Admittedly, I have only downloaded podcasts and while they run perfectly on my iMac, even after they have been converted for the iPod they fail to show the video when played on the iPod. The sound is there, but I have yet to see any videos of any kind run on this iPod. Anyone else experience this kind of malfunction ? It's still under warranty, but I'm dreading the time they will take to do any repairs judging by the length of time they took to repair my previous non-video iPod.


----------



## ColBalt (May 16, 2005)

So your trying to play Video PodCasts, right? 
These Video PodCasts you downloaded through iTunes?

If your converting a media file, what application are you using?


----------



## irontree (Oct 28, 2006)

I've noticed that when I try and play a video podcast from the podcast menu they only play the audio of it for some stupid reason.

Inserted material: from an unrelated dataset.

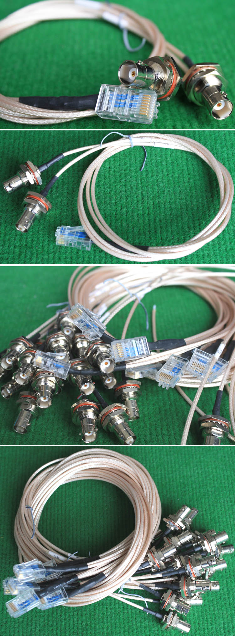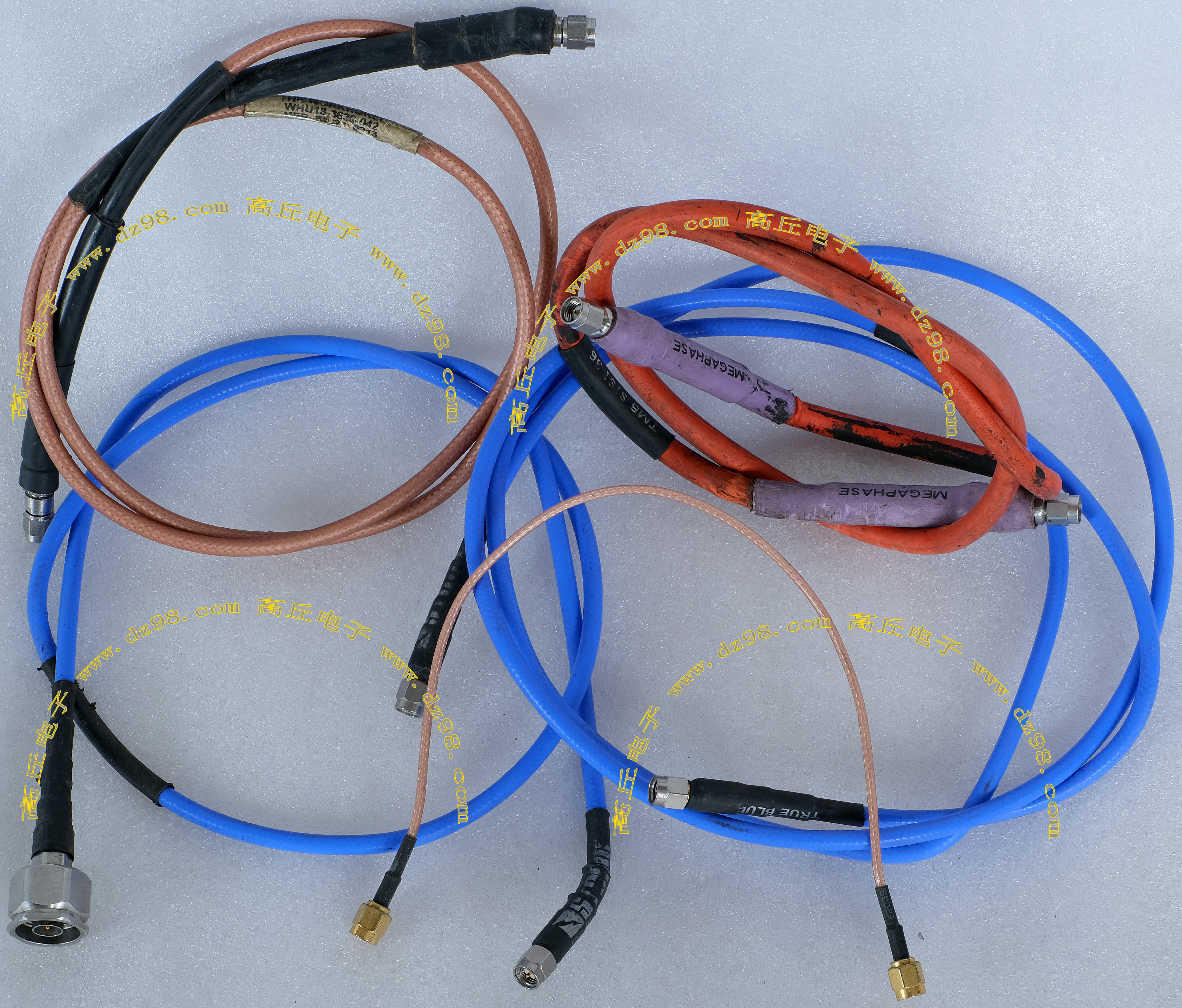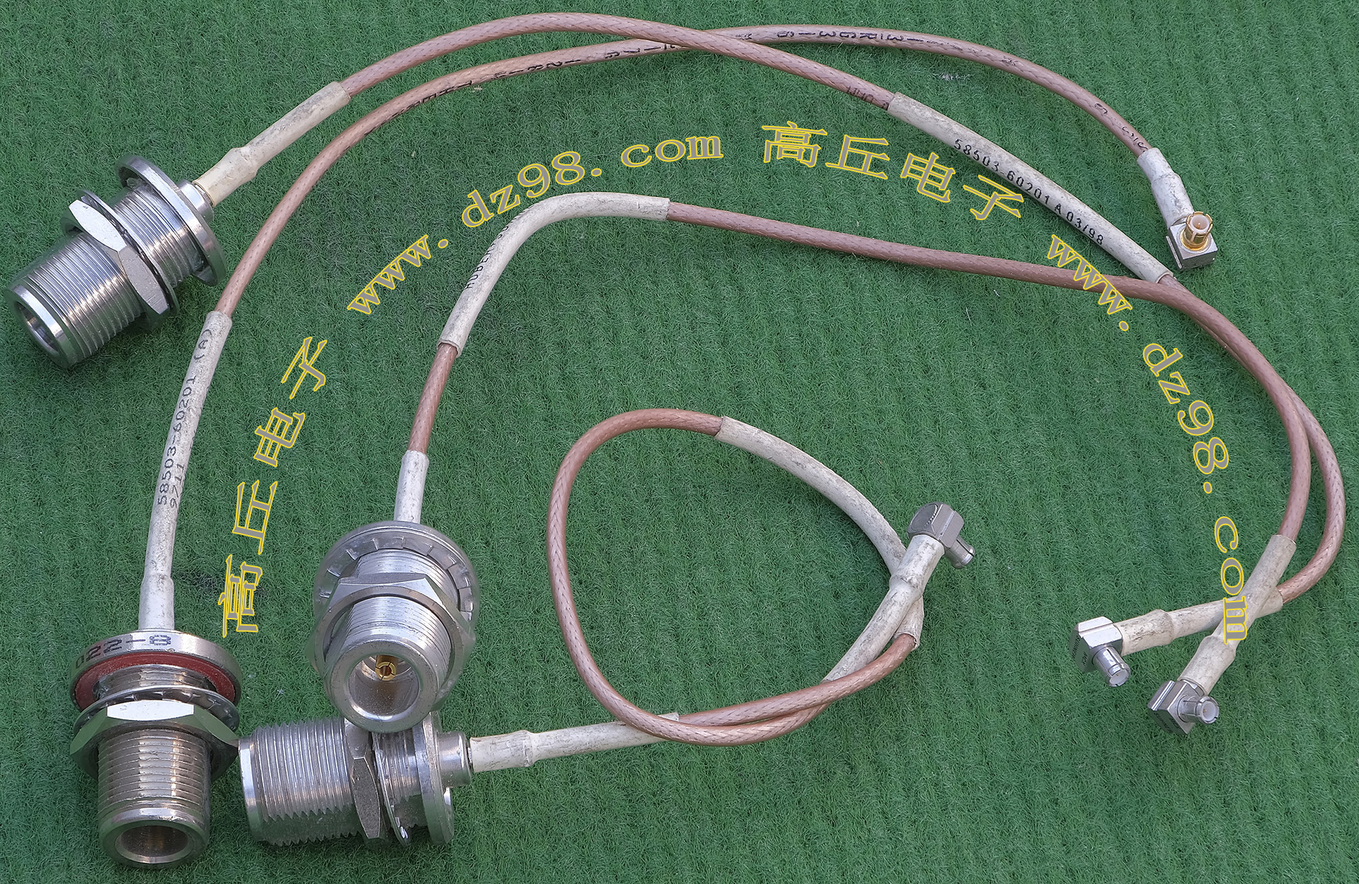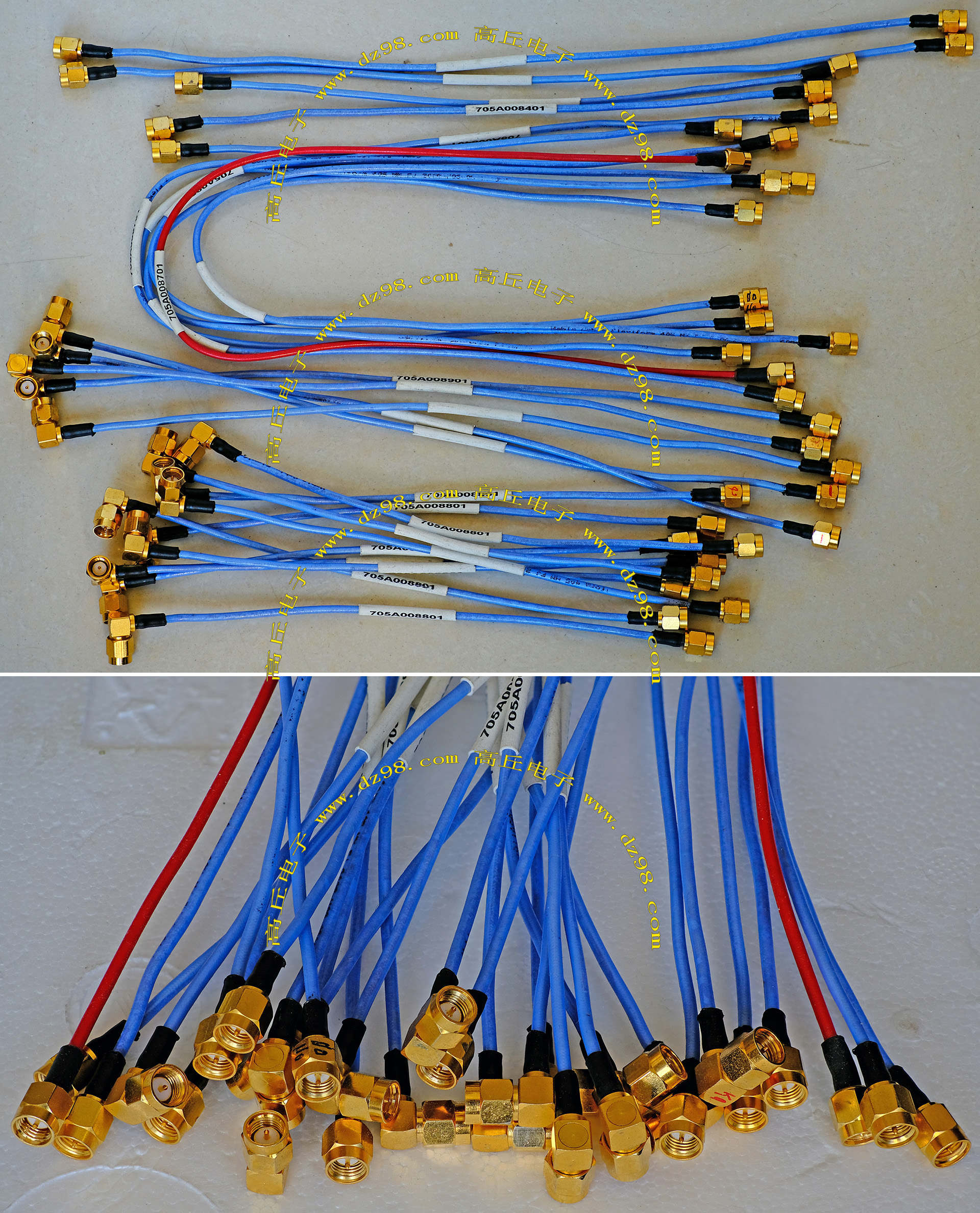 进口拆机,实物参照图片,线长度有10厘米到36厘米多种,一端带有镀黄金高频接头,多层屏蔽线直径约2.75毫米,内部结构看图片。

You have to go to videos->Video Podcasts to play them. Go figure...


----------



## jhollington (Jan 29, 2007)

Correct. Music Videos and Podcasts played from the "Music" menu will only play the audio portion (this can be a desirable feature sometimes, to be fair). You have to access them through the "Video" menu for them to play as videos.

You'll also want to ensure that the "TV Output" setting under _Videos->Video Settings_ is turned OFF, otherwise the videos will play through the TV output rather than on the iPod screen itself.


----------



## irontree (Oct 28, 2006)

Yes I agree that it can be usefull. However, my beef is that I want the podcast menu in the iPod main menu. You can make the shortcut... but it won't have video.... you still have to go the long route.


----------



## Kosh (May 27, 2002)

jhollington said:


> Correct. Music Videos and Podcasts played from the "Music" menu will only play the audio portion (this can be a desirable feature sometimes, to be fair). You have to access them through the "Video" menu for them to play as videos.


Yep, I noticed this one too. If you access the video through the Video menu, you see the video, but if you access it through the Music Menu you only hear the audio.


----------